Какой еще нафиг Боливар?

А музыкант помахал перед лицом парня рукой, в которой был зажат нож, похожий на финку. Саша поневоле рассмотрел татуировку, на которую раньше не обращал внимания – стоящий на задних лапах енот с автоматом. Выходит, певец служил у «енотов», пока не вышел на пенсию.

– Прыгайте в воду, молодой человек. А ружьё оставьте. Пожалуйста.

В голосе была не просьба, а сарказм. Тут уж Младшему опять сорвало крышу. Чем дальше, тем проще это стало происходить. И тем меньшее сопротивление разрушительные силы встречали.

Почему-то каждая тля в мире считает Сашу тряпкой. Принимает мягкость и тактичность, зачем-то привитые ему в детстве, за слабость. Думает, что его можно облапошить, раздеть-разуть, подставить, ограбить. Выгляди он более крутым, они бы так себя не вели. И живы бы некоторые остались.

Он даже не удивился, что ряженый «капитан», вдохновенно певший героические песни, имел гнилое нутро. «Это Питер, детка». Но не на того напал.

Никакого плана у парня не было, однако, действуя лишь по наитию, он всё сделал правильно.
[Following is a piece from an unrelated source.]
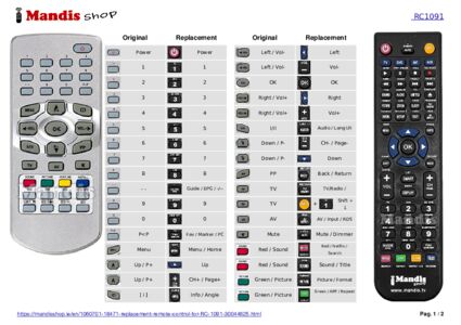 This remote control fully replaces your RC1091 and offers all the functions of the original.

Не полез вперёд на выставленную руку с ножом и не попытался потянуться за ружьём. А изо всех сил качнул лодку.

Хоть и говорят, что нельзя раскачивать лодку, сейчас тот самый случай, когда это необходимо.

Молчун чуть не выпал сам, а не ожидавший такого подвоха бард, чтобы не упасть, был вынужден схватиться руками за борт, уронив нож.

И тут же получил ботинком в лицо. И ещё раз.

– Гнида позорная… Тебя рыбы сожрут, как опарыша! – фальшивая интеллигентность слетела с шансонье. – Да я таких фраеров…

Он попытался поднять нож.

Но следующий удар столкнул Капитана в воду, а Младший, не обращая внимания на отплевывающегося, изрыгающего отборный мат певца, уже оттолкнулся от берега посильнее и повёл лодку через воды Залива. Пять, десять, двадцать метров…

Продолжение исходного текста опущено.